··· Data records ···
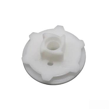 - Rezervni deo od čvrste bele plastike (najlonski tip), izrađen kao kružni točak sa centralnim navojnim/ležišnim otvorom i zvezdastim pogonskim nastavkom.
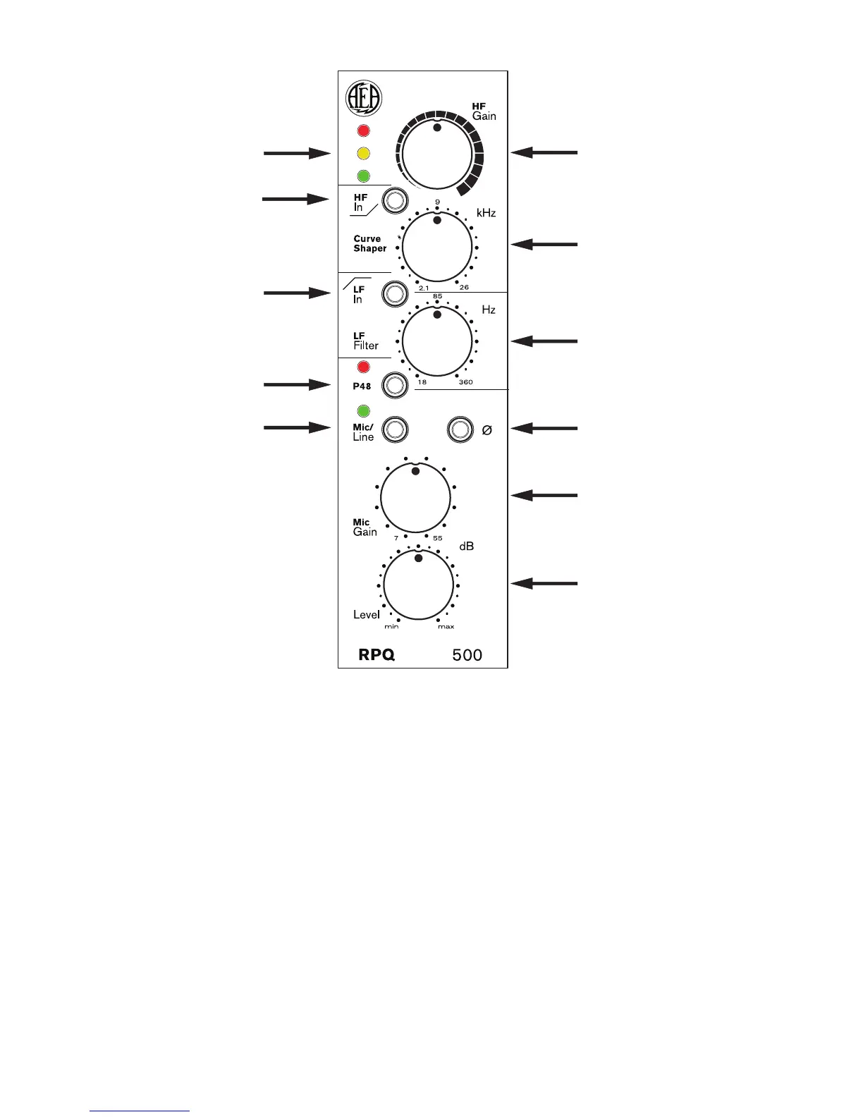 Figure 1: AEA RPQ500 Front Panel Diagram
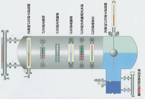 液位计根据浮力原理,浮子在测量管内随液位的升降而上下移动,浮子内的永久磁钢通过磁耦合作用,驱动红、白色翻柱翻转180’液位上升时,翻柱由白色转为红色,下降时,翻柱由红色转为白色,从而实现液位的指示。
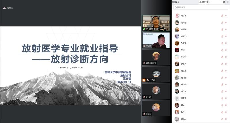 放射医学的发展现状和时代背景下放射医学的就业前景,然后分享自己对于放射专业的看法并且表达对柳教授和王教授的欢迎。而后,特邀嘉宾柳教授进行演讲,柳教授用自己丰富的工作经验向同学们说明医院平台与专业选择的重要性和考虑因素,通过一些实例展示放射科的意义与作用,并且告诫同学们应该保持终身学习的热情和专注。
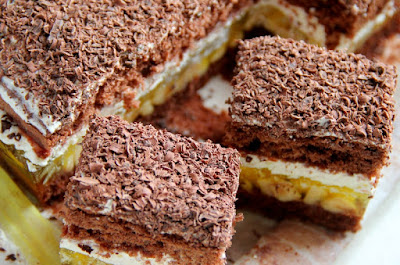 Wyłożyć 3/4 kremu i przykryć drugim blatem ciasta, który też smarujemy marmoladą i tą stroną składamy z kremem. Na wierzchu rozsmarować resztę kremu, posypać startą czekoladą. Wstawić  do lodówki.
···
→ **Work instructions**
Could you please return each line of the material exactly, dropping the pictures?

→ **Solution to this problem**
 - Rezervni deo od čvrste bele plastike (najlonski tip), izrađen kao kružni točak sa centralnim navojnim/ležišnim otvorom i zvezdastim pogonskim nastavkom.
 Figure 1: AEA RPQ500 Front Panel Diagram
 液位计根据浮力原理,浮子在测量管内随液位的升降而上下移动,浮子内的永久磁钢通过磁耦合作用,驱动红、白色翻柱翻转180’液位上升时,翻柱由白色转为红色,下降时,翻柱由红色转为白色,从而实现液位的指示。
 放射医学的发展现状和时代背景下放射医学的就业前景,然后分享自己对于放射专业的看法并且表达对柳教授和王教授的欢迎。而后,特邀嘉宾柳教授进行演讲,柳教授用自己丰富的工作经验向同学们说明医院平台与专业选择的重要性和考虑因素,通过一些实例展示放射科的意义与作用,并且告诫同学们应该保持终身学习的热情和专注。
 Wyłożyć 3/4 kremu i przykryć drugim blatem ciasta, który też smarujemy marmoladą i tą stroną składamy z kremem. Na wierzchu rozsmarować resztę kremu, posypać startą czekoladą. Wstawić  do lodówki.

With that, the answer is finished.